Is Heidi Montag's Plastic Surgery Obsession Really a Mental Disorder?
Heidi Montag has revealed her desire to further augment her already much-altered body by increasing the size of her DDD breasts. Sources tell Life & Style magazine, "She wants to do it within the next two months and film it for the new TV show she and Spencer have been pitching to cable networks E! and Oxygen," adding that Montag is "purportedly looking to have the surgery done in Europe rather than by an American board-certified doctor."
Montag's obsession with plastic surgery was discussed at length after PEOPLE magazine revealed that the reality television starlet had undergone 10 procedures in a single day. However, her most recent statements have alarmed experts, who worry that the 23-year-old may suffer from an alarming condition known as Body Dysmorphic Disorder (BDD). PopEater spoke with experts on the subject, and unfortunately for Heidi, they seem to agree that she's a potential BDD sufferer.
"Heidi obviously has major self-image problems, which need the care of a psychiatrist, not a plastic surgeon. Any plastic surgeon she goes to next should seriously consider referring her to psychiatric care instead of picking up the scalpel," says Dr. Anthony Youn, a Michigan-based, board-certified plastic surgeon who has been featured on 'Dr. 90210.'
Dr. Roberto Olivardia, clinical instructor of psychology at Harvard Medical School and author of 'The Adonis Complex: How to Identify, Treat and Prevent Body Obsession in Men and Boys,' echoed Dr. Youn's concern for Montag to PopEater. "It is sad and absolutely appalling," he says. "I think she carries a lot of pain and is not aware of the future consequences of these drastic choices."
Individuals suffering from BDD become obsessed with perceived imperfections or "defects" in their physical appearance, which can lead to eating disorders or other extreme means of altering the appearance of the body. It is always accompanied by an extreme, often debilitating fear of judgment by others that can lead those afflicted with the condition to also suffer from severe depression and anxiety. Experts believe that while the causes of BDD vary from person to person, it most likely develops through a combination of biological, psychological and environmental factors.
According to a study by Dr. James Feusner, psychiatrist at the University of California Los Angeles, persons with BDD exhibit abnormal brain function when looking at pictures of their own faces, leading experts to believe that they only see the face's parts individually, resulting in a distorted image. "If you just see the pieces of your face, and not how they fit into the whole, then it's going to look distorted," he told CNN. It's worth noting that Montag has also had multiple surgeries performed on her face, including rhinoplasty and a reported eye brow lift.
In his research, Dr. Feusner found that BDD patients had abnormal brain activity in their visual processing systems when looking at pictures of themselves. In addition, abnormal activation patterns were observed in the areas of the brain that guide behavior and emotions -- the frontostriatal systems -- which may explain the emotional toll BDD has on sufferers.
In fact, the brain patterns observed in BDD patients are not unlike those associated with Obsessive Compulsive Disorder (OCD), however, BDD is most likely not a form of OCD, according to Dr. Feusner. Persons with OCD generally recognize their condition and understand that their behavior is extreme, while BDD patients are mostly unaware that they suffer from any condition at all.
According to Sabine Wilhelm, director of the Body Dysmorphic Disorder Clinic and Research Unit at Massachusetts General Hospital, persons with BDD will often seek out plastic surgery to correct the flaws they believe they have; however, some 81 percent are dissatisfied with the results (via CNN).

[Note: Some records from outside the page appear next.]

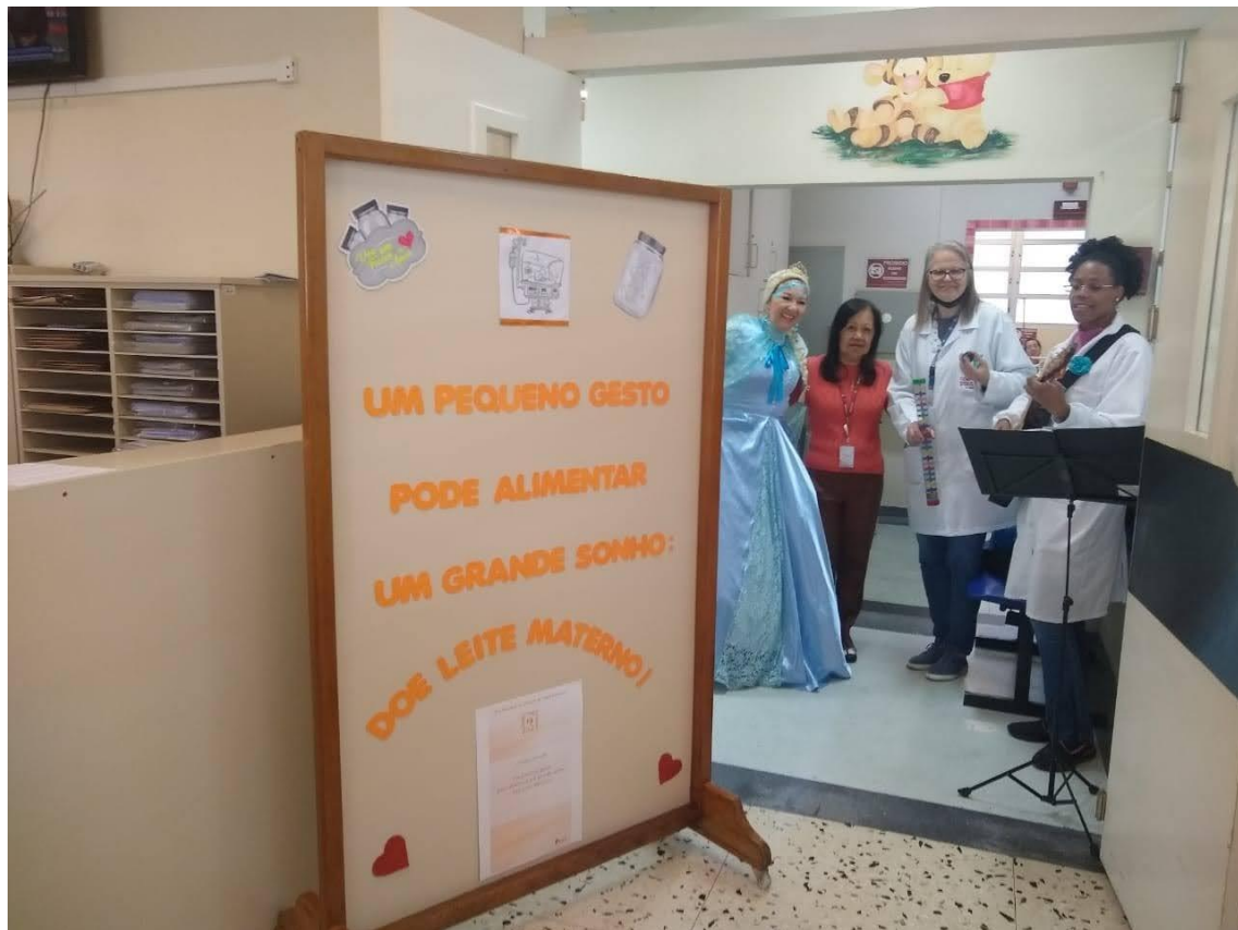
PROJETO MUSICAL SOBRE DOAÇÃO DE LEITE HUMANO COM O COMITÊ DE HUMANIZAÇÃO E A PERSONAGEM FROZEN NO PRONTO ATENDIMENTO DA PEDIATRIA 17/05/2023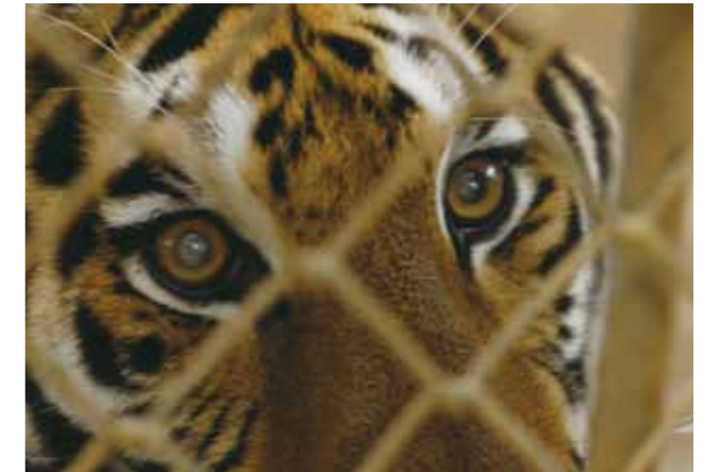
自幼被帶離自然的牠，是否回想著久遠以前有著母親依偎身旁的山林的氣味，或是在人類環境下出生的牠，流自祖先的野性依然會想像著專注於叢林密葉間的伏擊。

看到可愛的玩具或奇珍異獸？當我們讚嘆牠們的奇妙時，是否想過，為何以對待犯錯的人的方式，將牠們囚禁於方寸之間？當我們在圈養環境看到動物時，是快樂還是心痛，是否設身處地去了解牠們的感受？我們是否真正思考過，囚禁、利用、犧牲動物，是否是必要的？這些問題的答案，就在生活中用心的體會，這些問題的答案將決定許多動物的命運。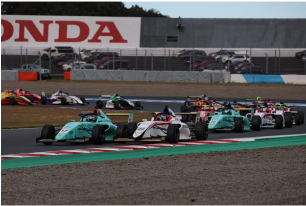
FIFA F4 Rd14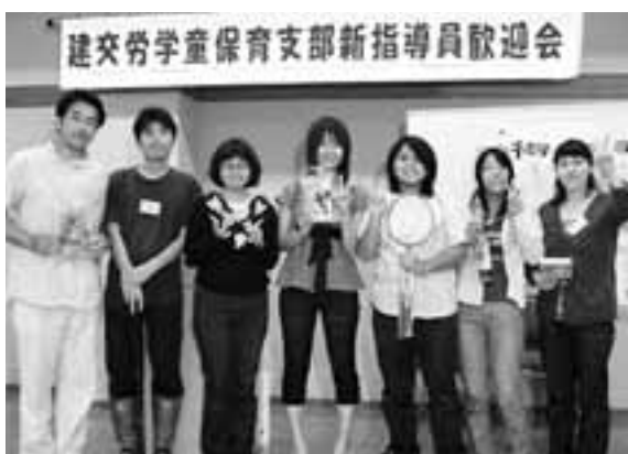
ゲームで賞品をもらってニコリ

「ひとりぼっちの(学童保育)指導員をなくそう!」相談できる仲間を作ろう!を合言葉に、建交労学童保育支部は組織拡大月間にとりくんでいます。6月14日には新任指導員&新入組合員歓迎会を行いました。歓迎会は、組合未加入者にもよびかけ、青年部からも先輩との交流を深め合える場にしたいと多人数が参加しました。分会ごとにわかれたテーブルで食事や歓談を楽しみ、ゲームでは大変な盛り上がりで時間オーバーになるほどでした。参加者からは「初めてやるゲームだつたからおもしろくて興味深かった!」明るく・力強い組合の仲間がたくさんいるんだと、心強く感じ、明日への活力をもらうことが出来まし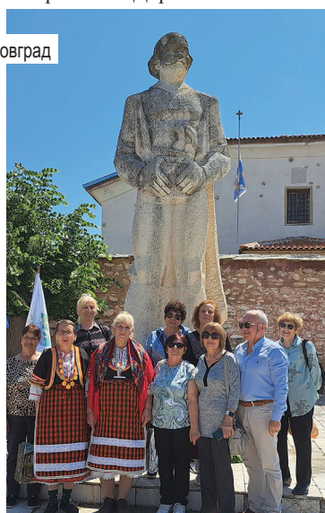
■ Стара Загора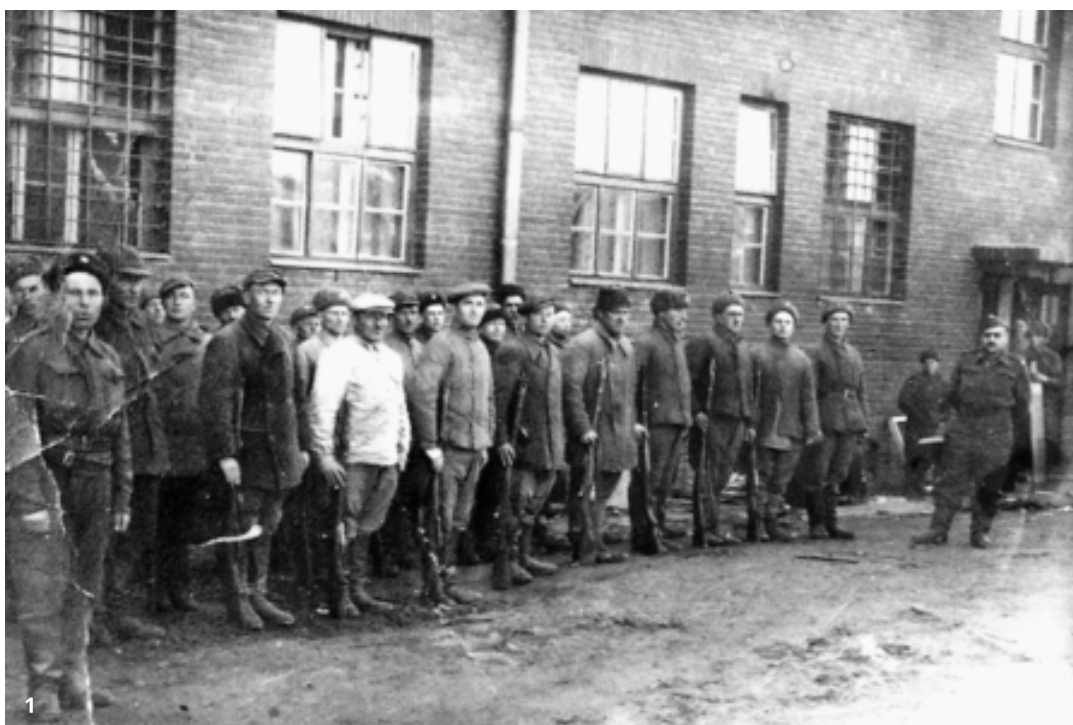
1. Prví dobrovoľníci čs. práporu v Buzuluku

a maďarskej armády „československej národnosti“, ktorí prejavia záujem stať sa príslušníkmi tohto vojska.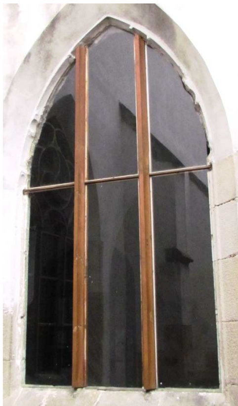
Pohled z rajskeho dvora 110310 hl 032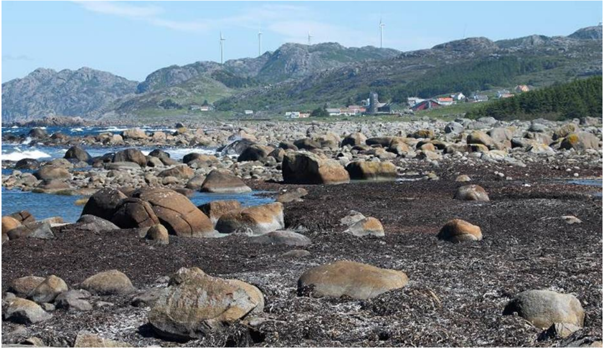
Fig. Tareførekommstane nord for Stavestø er viktige som beiteområde for vadefugl.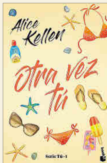
Alice Kellen Otra vez tú BOOKET, 2021

❖ Tras haber desenmascarado al asesino de la quiche letal, la fortuna parece sonreír a Agatha Raisin. Aceptada por la pintoresca comunidad de Carsely, y felizmente acompañada de sus dos gatos, su vida transcurre plácida. Hasta que aparece en escena Paul Bladen, el nuevo veterinario del pueblo, que no se muestra ajeno a sus encantos. Sin embargo, el hombre sucumbe a una inyección destinada a un caballo de carreras y, aunque todo apunta a un accidente, Agatha cree que se trata de un crimen.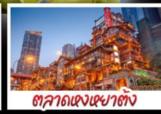
ตลาดแดงเฉาตัง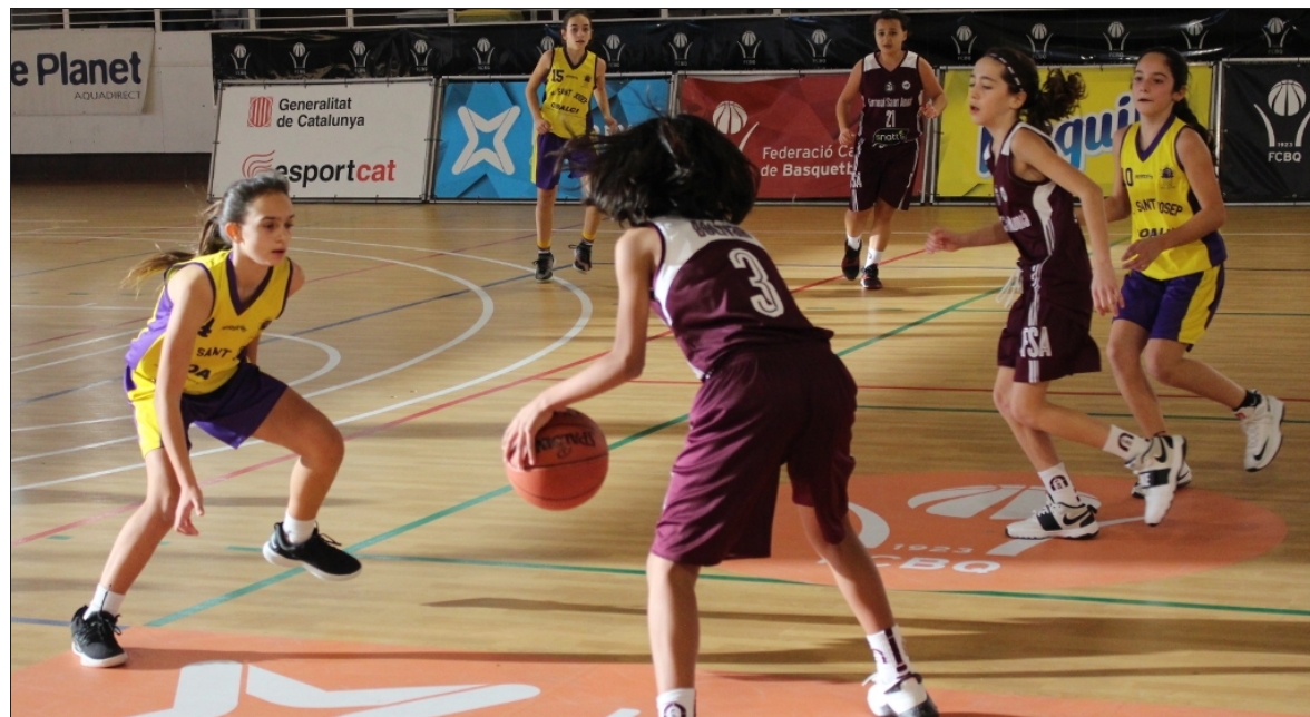
El Sant Adrià va guanyar el Trofeu Molinet en categoria femenina del 2018

La 56ª edició del Trofeu Molinet de minibàsquet, que enguany va començar el passat 27 de desembre, s'allarga fins avui. Nou dies de bàsquet de categoria formativa però amb un component competitiu rellevant. El tradicional torneig es disputa a dues seus de la capital catalana, el Pavelló de l'Illa Diagonal i en aquesta 56a edició, ha comptat també amb un nou escenari de joc, el Col·legi Major Sant Jordi de Barcelona. El Molinet és el torneig de minibàsquet consolidat en el panorama europeu amb especial participació d'equips d'arreu de Catalunya. Enguany, més de 700 nois i noies hi han participat en la vuitena de partits que s'hi juguen, i només resta conèixer quins equips inscriuran el seu nom en el palmarès de la competició en aquests nou dies de bàsquet, organitzats per la Federació Catalana de Basquetbol.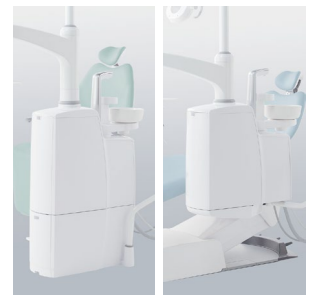
Unit crachoir monté sur le fauteuil / Unit crachoir type Piédestal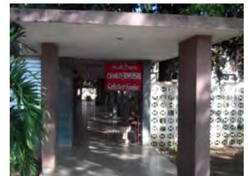
Escuela primaria Camilo Cienfuegos, de Los Arabos

forzosamente, sea cual sea la distancia al hogar, a regresar desde lejos. Hay estudiantes que viven en el Crucero Hondo, alejado a más de tres kilómetros. Otros son del Batey Prende, a distancia parecida. En este último, fue cerrada la escuela por escasez de maestros.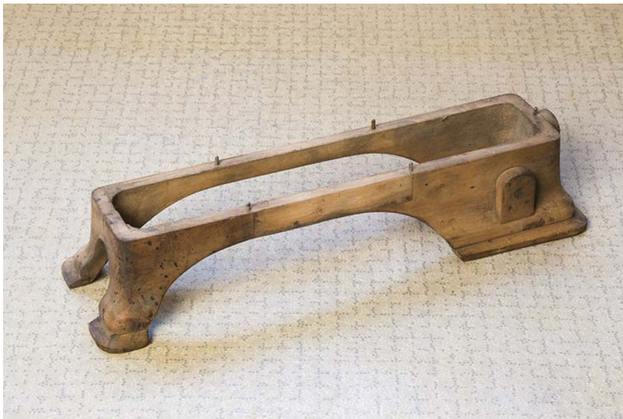
Modèle de socle de machine à décoller, table enlevée.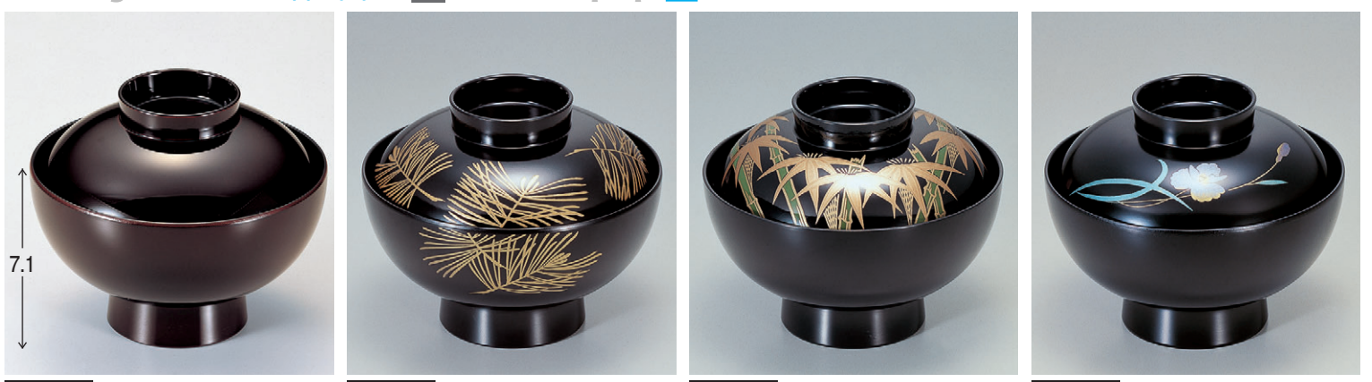
8-268-1 W-5-22 TM 御殿吸椀 溜 ¥1,850 (12φ×9.6) 椀100 250cc 8-268-2 1-170-1 TM 御殿吸椀 黒に松葉 ¥3,100 (12φ×9.6) 椀100 250cc 8-268-3 1-170-2 TM 御殿吸椀 黒竹 S-H塗 ¥3,250 (12φ×9.6) 椀100 250cc 8-268-4 1-170-4 TM 御殿吸椀 なでしこ ¥3,650 (12φ×9.6) 椀100 250cc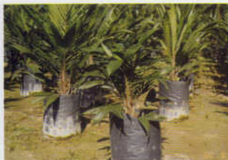
Foto 18. Bolsas grandes con orificios de drenaje funcionales.

Montag may be looking to go to Europe to get further surgery because U.S. manufacturers simply do not make produce implants large enough to meet her needs. "She reportedly has 700cc implants currently, and the U.S. implant manufacturers typically limit their implant size to 800cc," says Dr. Youn. "Therefore, if she would like to go significantly larger, let's say 1000cc or 1200cc, then she would need to have implants custom-made for her, see a surgeon outside the country where larger implants may be produced or have the surgeon place stacked implants into her breasts -- i.e. more than one implant per breast."
But further surgery is not the answer, according to Wilhelm -- a combination of cognitive behavior therapy and medication is often the most effective treatment for the condition. Of course, the only person qualified to diagnose Montag is a psychologist, and Dr. Olivardia agrees: "Obviously, I have never met her and do not know for sure if she has BDD, but she clearly has issues with her body image. I think she needs help and could benefit from therapy."